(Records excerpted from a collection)
-=-=-
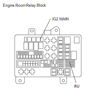 (a) Remove the INJ fuse and IG2 MAIN fuse from the engine room relay block.
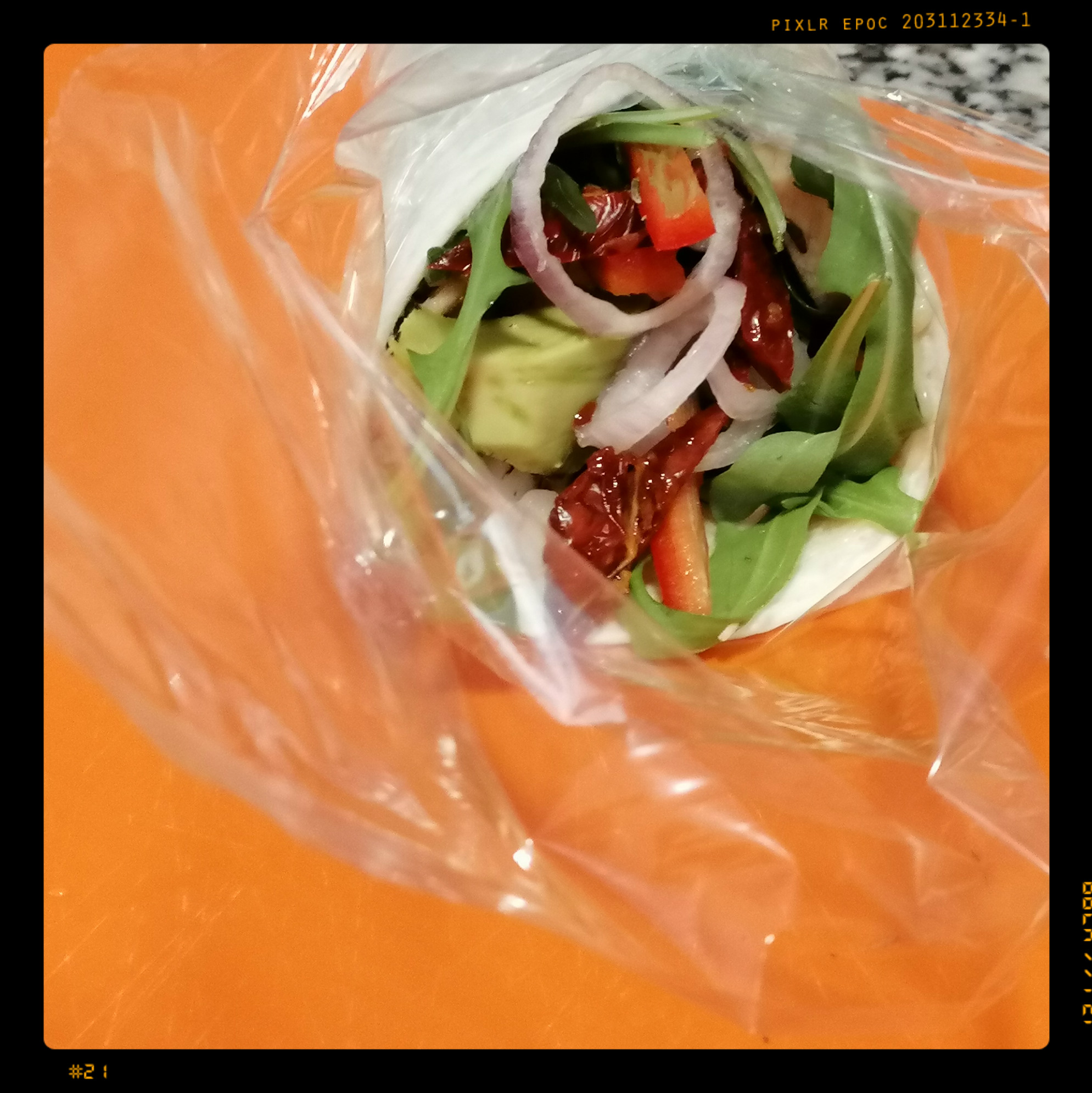 frisch gemahlenem schwarzen Pfeffer würzen, zu zwei Wrap fest zusammenrollen und in
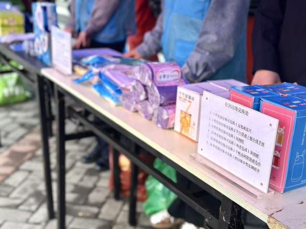 为进一步激励居民将分类知识转化为实际行动,现场还开展了有害垃圾有偿回收活动。居民可将家中过期药品、废旧灯管、充电电池等有害垃圾带到现场,兑换香皂、雨伞、环保袋等实用礼品,既实现了有害垃圾的安全收集,也提升了居民参与的获得感。
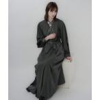 シャツワンピース quaranciel:「洗濯機可能」ダブルクロス スタンドカラー ポケット シャツ ワンピース
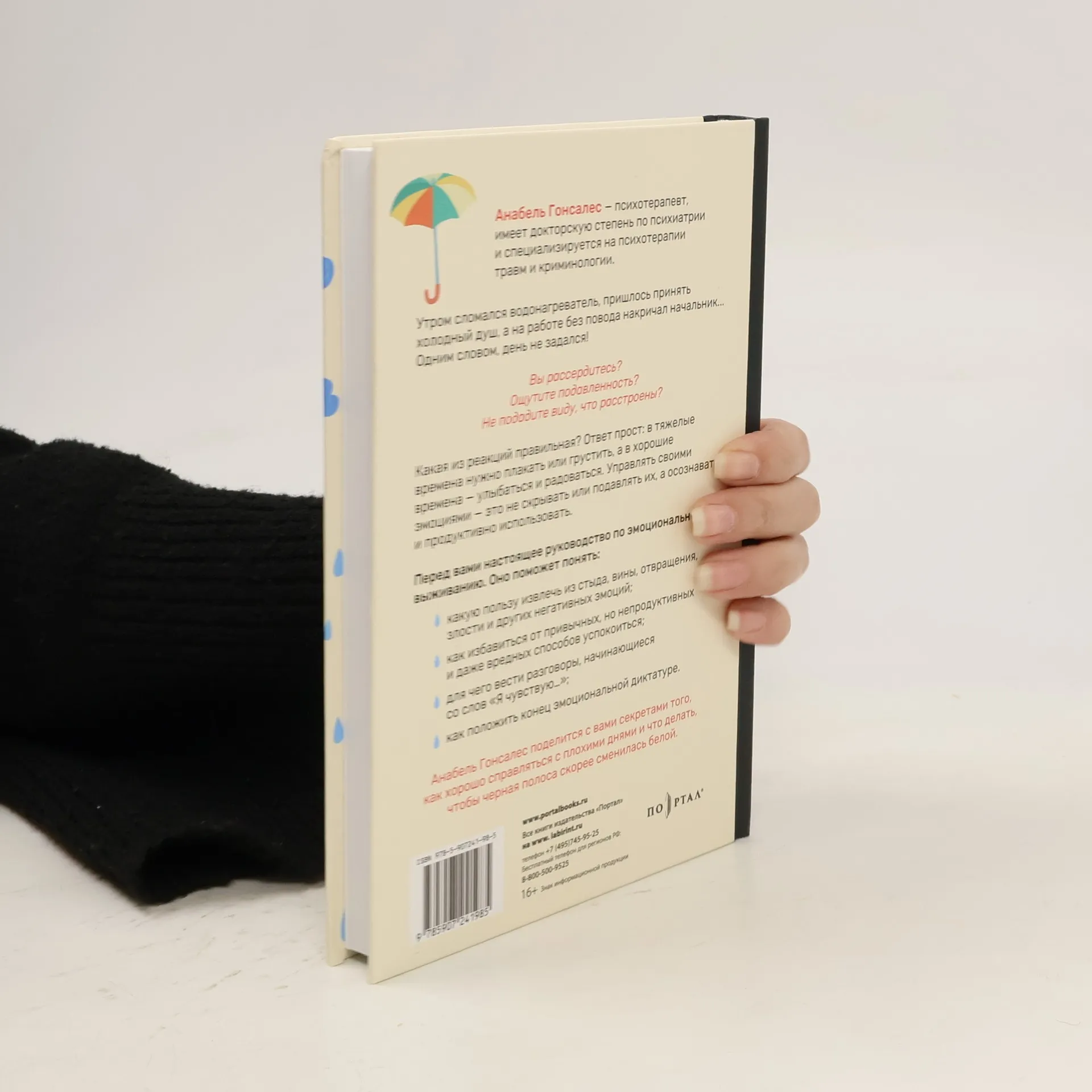 Утром сломался водонагреватель, пришлось принять холодный душ, а на работе без повода накричал начальник... Одним словом, день не задался! Вы рассердитесь? Ощутите подавленность? Не подадите виду, что расстроены? Какая из реакций правильная?Ответ прост: в тяжелые времена нужно плакать или грустить, а в хорошие времена - улыбаться и радоваться. Управлять своими эмоциями - это не скрывать или подавлять их, а осознавать и продуктивно использовать.Перед вами настоящее руководство по эмоциональному выживанию. Оно поможет понять:- Какую пользу извлечь из стыда, вины, отвращения, злости и других негативных эмоций?- Как избавиться от привычных, но непродуктивных и даже вредных способов успокоиться?- Для чего вести разговоры, начинающиеся со слов "Я чувствую…"?- Как положить конец эмоциональной диктатуре?Анабель Гонсалес поделится с вами секретами того, как хорошо справляться с плохими днями и что делать, чтобы черная полоса скорее сменилась белой.
-=-=-
**Task description**
The answer must consist of the line containing "シャツワンピース quaranciel:「洗濯機可能」ダブルクロス スタンドカラー" and every line after it through the end of the records, retyped exactly, with all pictures left out.

**Response to the task**
 シャツワンピース quaranciel:「洗濯機可能」ダブルクロス スタンドカラー ポケット シャツ ワンピース
 Утром сломался водонагреватель, пришлось принять холодный душ, а на работе без повода накричал начальник... Одним словом, день не задался! Вы рассердитесь? Ощутите подавленность? Не подадите виду, что расстроены? Какая из реакций правильная?Ответ прост: в тяжелые времена нужно плакать или грустить, а в хорошие времена - улыбаться и радоваться. Управлять своими эмоциями - это не скрывать или подавлять их, а осознавать и продуктивно использовать.Перед вами настоящее руководство по эмоциональному выживанию. Оно поможет понять:- Какую пользу извлечь из стыда, вины, отвращения, злости и других негативных эмоций?- Как избавиться от привычных, но непродуктивных и даже вредных способов успокоиться?- Для чего вести разговоры, начинающиеся со слов "Я чувствую…"?- Как положить конец эмоциональной диктатуре?Анабель Гонсалес поделится с вами секретами того, как хорошо справляться с плохими днями и что делать, чтобы черная полоса скорее сменилась белой.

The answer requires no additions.